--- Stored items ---
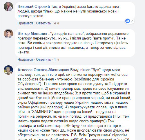 Данный пост вызвал массу критики и споров пользователей Сети. Жители Обухова и области разделились на тех, кого возмутил такой комментарий чиновницы, и тех, кто горячо поддерживал экс-замглавы райрады. "Кому это надо", " У народа спросили", "Некуда тратить деньги", - пестрели комментарии сторонников Олковой-Михницкой. В то же время защитники флага утверждали, что данный флаг имеет великую историю и должен быть установлен в обязательном порядке. "Под этим черно-красным флагом у меня на глазах погибали мои товарищи. Думай, что пишешь", - возмутился Владимир Дубровский.
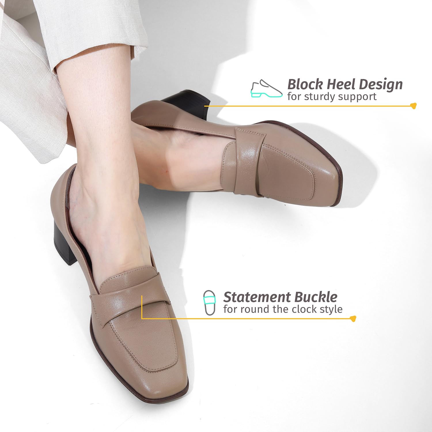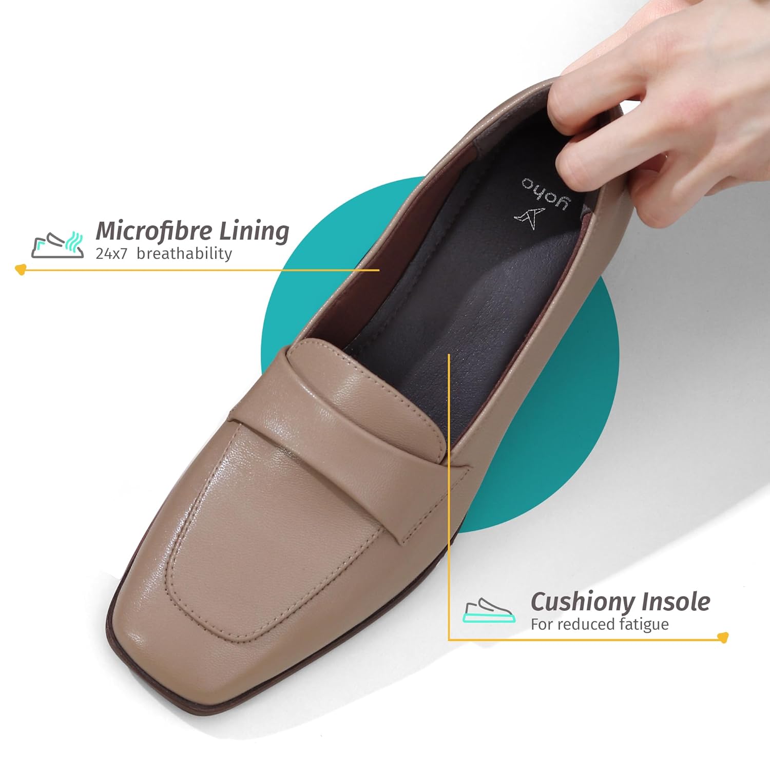 YOHO Bliss Heel 001 Slip-on Loafers for Women | Comfortable & Stylish Block Heeled | Fashion Moccasins with Footpharma Footbed | Perfect for Casual, Formal Shoe
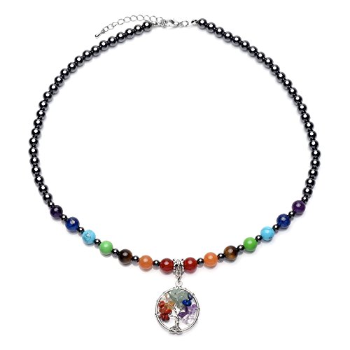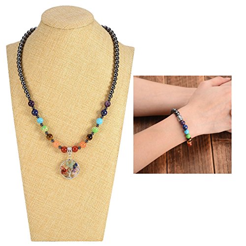 - Bracelet Size: Stone Diameter:8mm. 7 inches (17.8cm) Length but Stretch, Fits Most of the Size. Necklace Size: 7 chakra gemstones Diameter:8mm.Hematite Beads:6mm,Spacer Beads:4mm; Tree of life Charm size: 30*25mm. Chain Length:19.5"-21.5". Package Content:1pcx Bracelet,1pcx Tree of Life Necklace. Each order comes with Elegant Gift Box and JOVIVI Velvet Pouch! Shiny polished stone bracelet is a wonderful gift for your family and friends
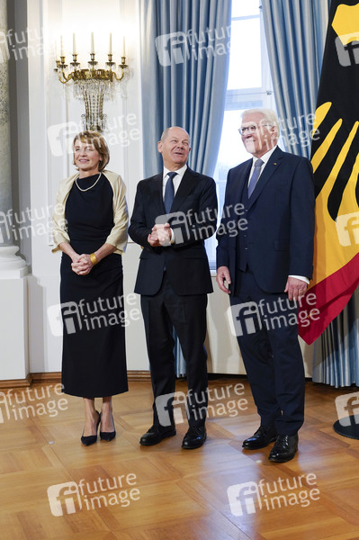 Elke Büdenbender, Olaf Scholz und Frank-Walter Steinmeier beim Neujahrsempfang des Bundespräsidenten im Schloss Bellevue. Berlin, 10.01.2025
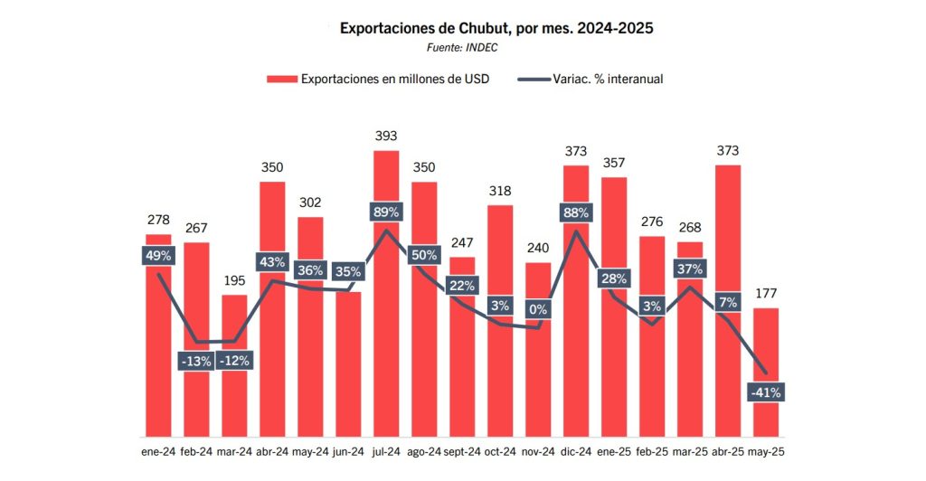 La provincia de Chubut registró exportaciones durante el mes de mayo de 2025 por u$s 177 millones, el valor mensual más bajo desde junio de 2023 y que equivale a una fuerte caída respecto a igual mes del año pasado (-41,3%). Sin embargo, en el acumulado de los primeros cinco meses, las ventas al exterior son las más altas desde 2002.
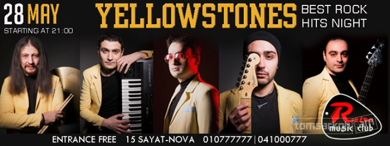 YellowStones խումբը մայիսի 28-ին՝ ժամը 21:00-ին, ՌՈՔ երաժշտության բոլոր սիրահարներին հրավիրում է Retro Music Club անցկացնելու անմոռանալի երեկո որակյալ երաժշտության ուղեկցությամբ: Առաջին անգամ խումբը հանդես կգա ամբողջովին ՌՈՔ ծրագրով, կհնչեն այնպիսի համաշխարհային ռոք խմբերի ստեղծագործություններ ինչպիսիք են՝ Deep Purple, Pink Floyd, Led Zeppelin, Queen, The Beatles, S.O.A.D. և այլն: Երեկոն թեժ է լինելու...
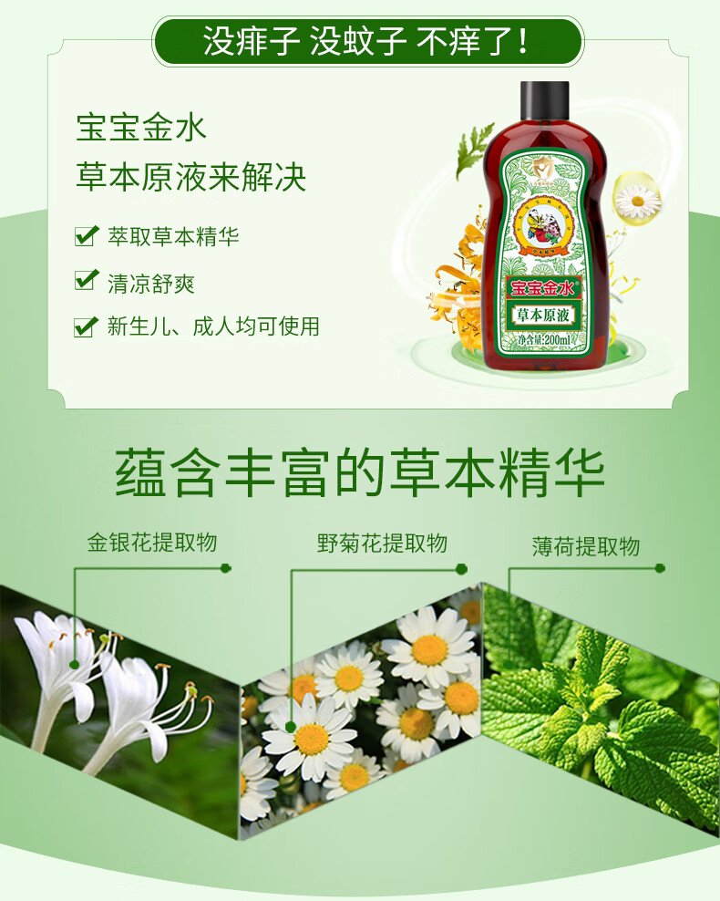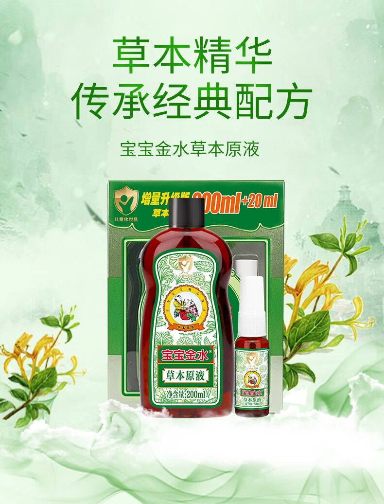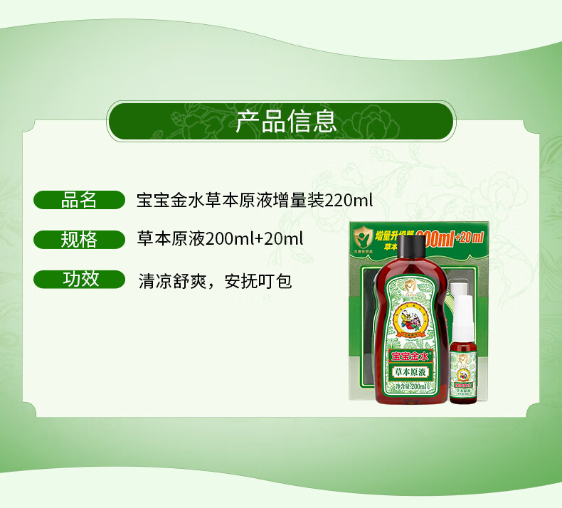 宝宝金水草本原液200ml+20ml 儿童花露水 宝宝液体痱子粉 清凉防痱
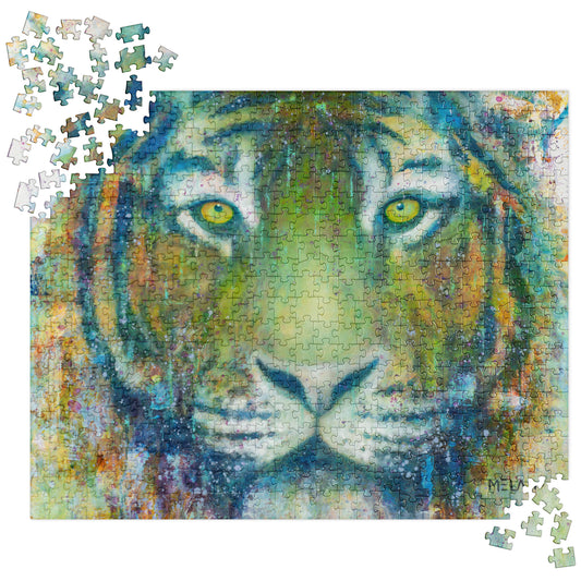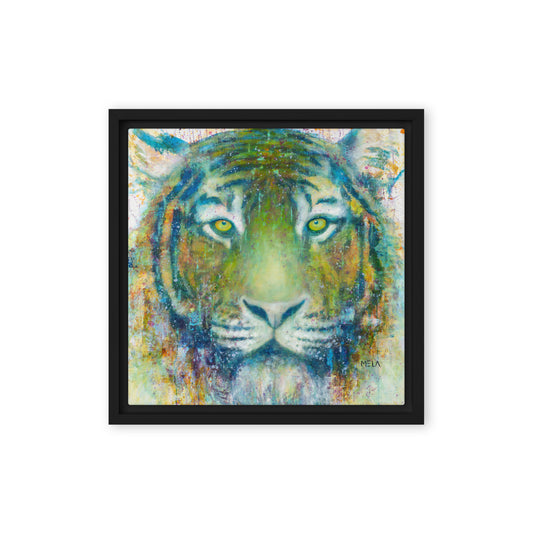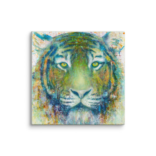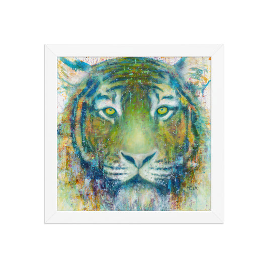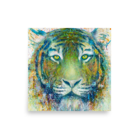 Step into a world of raw power and spiritual energy with Tiger Trance by MELA. This stunning piece explores the mesmerizing duality of the tiger—both fierce and serene—through the dynamic interplay of orange and blue, two complimentary colors that evoke fire and water, vitality and tranquility. The painting radiates an ethereal depth, drawing viewers into a trance-like state to meet the gaze of the tiger, discovering where strength meets introspection.
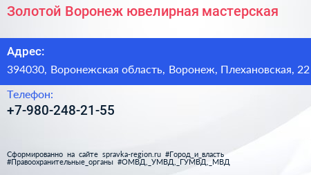Золотой Воронеж, ювелирная мастерская по адресу 394030, Воронежская область, Воронеж, Плехановская, 22 в дальнейшем Организация, размещена в следующих категориях:
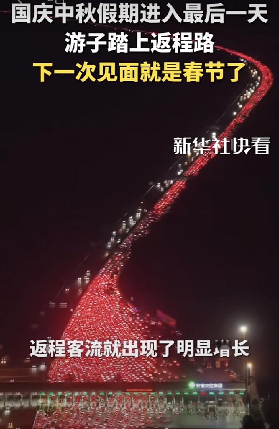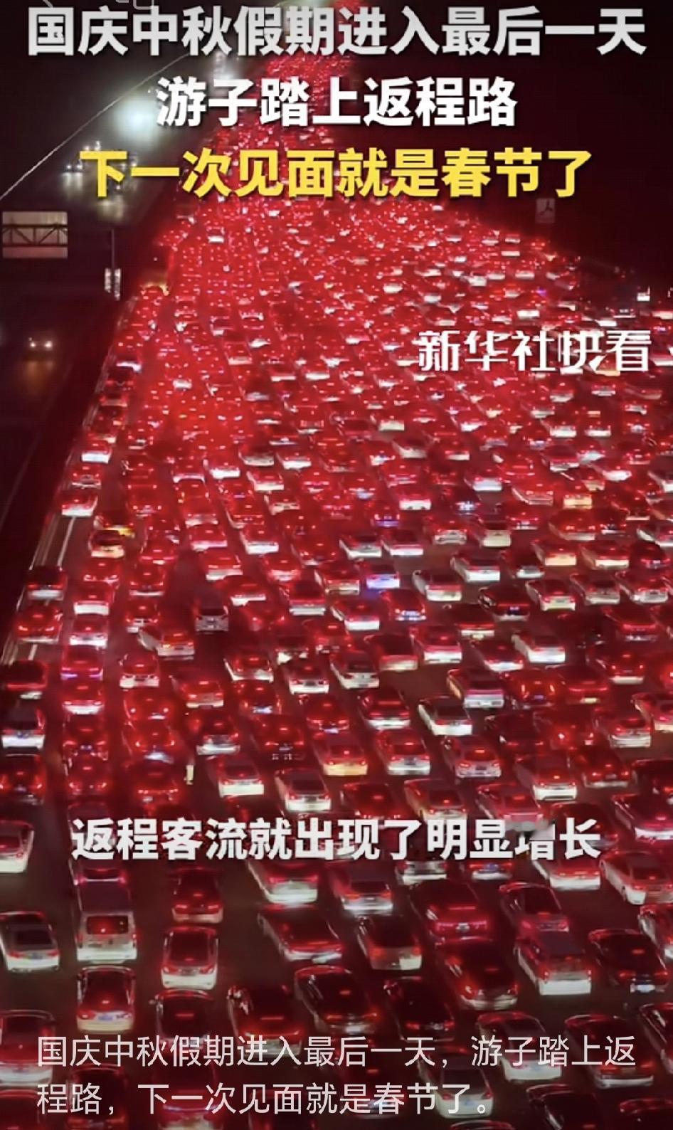 八天国庆中秋假期即将收尾,希望每一个旅客都满载而归,顺利平安回家!感恩祖国繁荣昌盛,四通八达的交通网络,咱们老百姓有尊严地工作、生活、旅行……我们有理由相信,随着中国经济进入智能时代高质量发展,国家综合国力越来越强大,物质文化水平越来越高,人民群众的获得感越来越多,人民群众享受到更高水平的工作条件和生活质量,以后假期越来越多,人民群众享受的休闲娱乐旅行的时间也越来越多。

--- Task brief ---
Using the data above, print only the lines starting at the one with "Elke Büdenbender, Olaf" and ending at the one with "Step into a", exactly as they stand, minus the pictures.

--- Your solution ---
 Elke Büdenbender, Olaf Scholz und Frank-Walter Steinmeier beim Neujahrsempfang des Bundespräsidenten im Schloss Bellevue. Berlin, 10.01.2025
 La provincia de Chubut registró exportaciones durante el mes de mayo de 2025 por u$s 177 millones, el valor mensual más bajo desde junio de 2023 y que equivale a una fuerte caída respecto a igual mes del año pasado (-41,3%). Sin embargo, en el acumulado de los primeros cinco meses, las ventas al exterior son las más altas desde 2002.
 YellowStones խումբը մայիսի 28-ին՝ ժամը 21:00-ին, ՌՈՔ երաժշտության բոլոր սիրահարներին հրավիրում է Retro Music Club անցկացնելու անմոռանալի երեկո որակյալ երաժշտության ուղեկցությամբ: Առաջին անգամ խումբը հանդես կգա ամբողջովին ՌՈՔ ծրագրով, կհնչեն այնպիսի համաշխարհային ռոք խմբերի ստեղծագործություններ ինչպիսիք են՝ Deep Purple, Pink Floyd, Led Zeppelin, Queen, The Beatles, S.O.A.D. և այլն: Երեկոն թեժ է լինելու...
 宝宝金水草本原液200ml+20ml 儿童花露水 宝宝液体痱子粉 清凉防痱
 Step into a world of raw power and spiritual energy with Tiger Trance by MELA. This stunning piece explores the mesmerizing duality of the tiger—both fierce and serene—through the dynamic interplay of orange and blue, two complimentary colors that evoke fire and water, vitality and tranquility. The painting radiates an ethereal depth, drawing viewers into a trance-like state to meet the gaze of the tiger, discovering where strength meets introspection.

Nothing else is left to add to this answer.